Long‐life lithium batteries enabled by a pseudo‐oversaturated electrolyte
Youchun Yu,
Simeng Wang,
Juyan Zhang,
Weiwei Qian,
Nana Zhang,
Guangjie Shao,
Haiyan Bian,
Yuwen Liu,
Lan Zhang
Affiliations
Youchun Yu
Hebei Key Laboratory of Applied Chemistry, College of Environmental and Chemical Engineering Yanshan University Qinhuangdao People's Republic of China
Simeng Wang
Beijing Key Laboratory of Ionic Liquids Clean Process, CAS Key Laboratory of Green Process and Engineering, Institute of Process Engineering, Chinese Academy of Sciences Beijing People's Republic of China
Juyan Zhang
Beijing Key Laboratory of Ionic Liquids Clean Process, CAS Key Laboratory of Green Process and Engineering, Institute of Process Engineering, Chinese Academy of Sciences Beijing People's Republic of China
Weiwei Qian
Beijing Key Laboratory of Ionic Liquids Clean Process, CAS Key Laboratory of Green Process and Engineering, Institute of Process Engineering, Chinese Academy of Sciences Beijing People's Republic of China
Nana Zhang
Beijing Key Laboratory of Ionic Liquids Clean Process, CAS Key Laboratory of Green Process and Engineering, Institute of Process Engineering, Chinese Academy of Sciences Beijing People's Republic of China
Guangjie Shao
Hebei Key Laboratory of Applied Chemistry, College of Environmental and Chemical Engineering Yanshan University Qinhuangdao People's Republic of China
Haiyan Bian
Haike Group Research Institute of Innovation & Technology Dongying People's Republic of China
Yuwen Liu
Hebei Key Laboratory of Applied Chemistry, College of Environmental and Chemical Engineering Yanshan University Qinhuangdao People's Republic of China
Lan Zhang
Beijing Key Laboratory of Ionic Liquids Clean Process, CAS Key Laboratory of Green Process and Engineering, Institute of Process Engineering, Chinese Academy of Sciences Beijing People's Republic of China
Abstract The specific energy of Li metal batteries (LMBs) can be improved by using high‐voltage cathode materials; however, achieving long‐term stable cycling performance in the corresponding system is particularly challenging for the liquid electrolyte.
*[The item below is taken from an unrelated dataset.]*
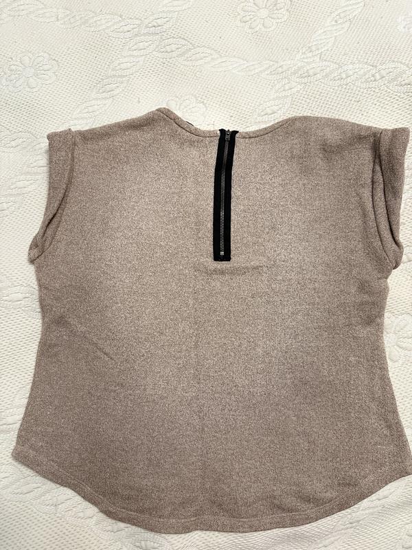 Интересный цвет, какой-то светло-коричневый с вкраплениями золотистого Сзади замочек 50 коттон, 42 вискоза и 8 металл Размер указан С, также отлично подойдет на ХС или М Длина 57 Подмышки 52 Плечи 47 Почти не заметен дефект на последнем фото
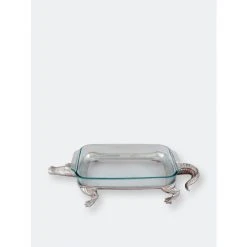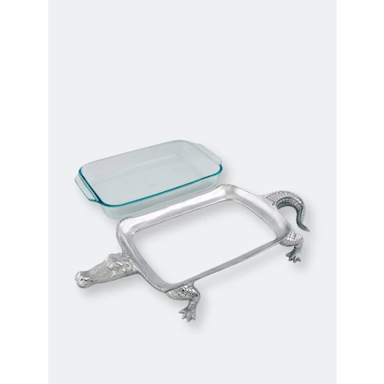 Walk out Arthur Court’s 3qt Alligator Pyrex Holder for a stunning entrance at your next dinner party.A stoic alligator stands on all fours to form base, while its rough, scaly tail swishes out the back. Colorful casseroles explode out of the dishwasher-safe Pyrex to accentuate the handcrafted, aluminum alligator.

Herein, a novel pseudo‐oversaturated electrolyte (POSE) is prepared by introducing 1,1,2,2‐tetrafluoroethyl‐2,2,3,3‐tetrafluoropropyl ether (TTE) to adjust the coordination structure between diglyme (G2) and lithium bis(trifluoromethanesulfonyl)imide (LiTFSI). Surprisingly, although TTE shows little solubility to LiTFSI, the molar ratio between LiTFSI and G2 in the POSE can be increased to 1:1, which is much higher than that of the saturation state, 1:2.8. Simulation and experimental results prove that TTE promotes closer contact of the G2 molecular with Li+ in the POSE. Moreover, it also participates in the formation of electrolyte/electrode interphases. The electrolyte shows outstanding compatibility with both the Li metal anode and typical high‐voltage cathodes. Li||Li symmetric cells show a long life of more than 2000 h at 1 mA cm−2, 1 mAh cm−2. In the meantime, Li||LiNi0.8Co0.1Mn0.1O2 (NCM811) cell with the POSE shows a high reversible capacity of 134.8 mAh g−1 after 900 cycles at 4.5 V, 1 C rate. The concept of POSE can provide new insight into the Li+ solvation structure and in the design of advanced electrolytes for LMBs.